Background

Aorta function and stiffness are central to the increase in systolic and pulse blood pressure (BP) that occurs with advancing age. Aorta stiffness per se, is a strong indicator of the risk of cardiovascular events (Laurent et al. 2006; Lee et al. 2022) and the gold standard for its noninvasive measurement is the aortic pulse wave velocity (PWV)—i.e., the velocity by which the arterial pulse wave travels along the aorta (Laurent et al. 2006).
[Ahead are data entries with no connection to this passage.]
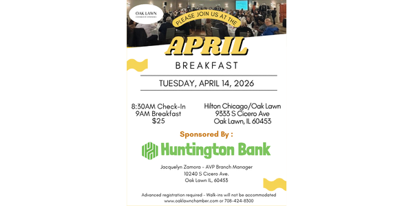 Start your morning with great food, networking, and community connection at the Oak Lawn Chamber of Commerce April Breakfast! ☀️
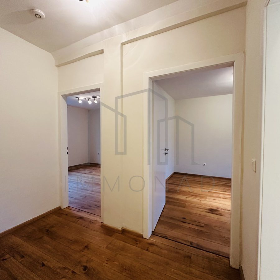 Beim Betreten der Wohnung empfangen Sie frisch aufgearbeitete, elegante Holzdielen. Über die zentrale Diele gelangen Sie in die verschiedenen Räume: die gemütliche Küche, das Wannenbad, den hellen Wohnbereich und das großzügige Schlafzimmer.
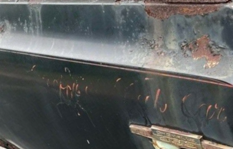 Interesting wagon - black on red with a 6-cylinder and factory air. I can make out some words faintly painted on the driver's side rear quarter - can anyone read them?

Age-related changes in aorta stiffness and function are a multifactorial phenomenon starting in young adulthood and predicated by the extent of: elastin fragmentation, collagen fibrosis, a decrease in the density of muscular smooth cells, inflammation, calcification, and endothelial dysfunction (Raggi et al. 2007; Mackey et al. 2007; Schlatmann et al. 1977; Carlson et al. 1970). Macroscopically, the volume of aorta calcification as well as age-related changes in the length, diameter and distensibility of the thoracic aorta all effect aorta stiffness and PWV (Scott et al. 2020; Craiem et al. 2012; Broyd et al. 2021; Joly et al. 2009a, b; Joly et al. 2016). In healthy adults, the diameter of the thoracic aorta increases on average by about 0.13 cm and its length by about 1.2 cm per decade of life, and results in an increase in aorta volume and an aorta that uncoils with age (Craiem et al. 2012).

Increases in PWV have been shown to be associated with an increase in 18F-fluorodeoxy-glucose (FDG) positron emission tomography (PET) uptake in ascending aorta and aortic arch but only in small, selected study populations—i.e., diabetic, hypertensive, and primarily old patients (Joly et al. 2009a, b; Joly et al. 2016; de Boer et al. 2016). In this regard, we know very little about the younger subjects’ population, whereas some may suffer from accelerated arterial aging (Benetos et al. 2002).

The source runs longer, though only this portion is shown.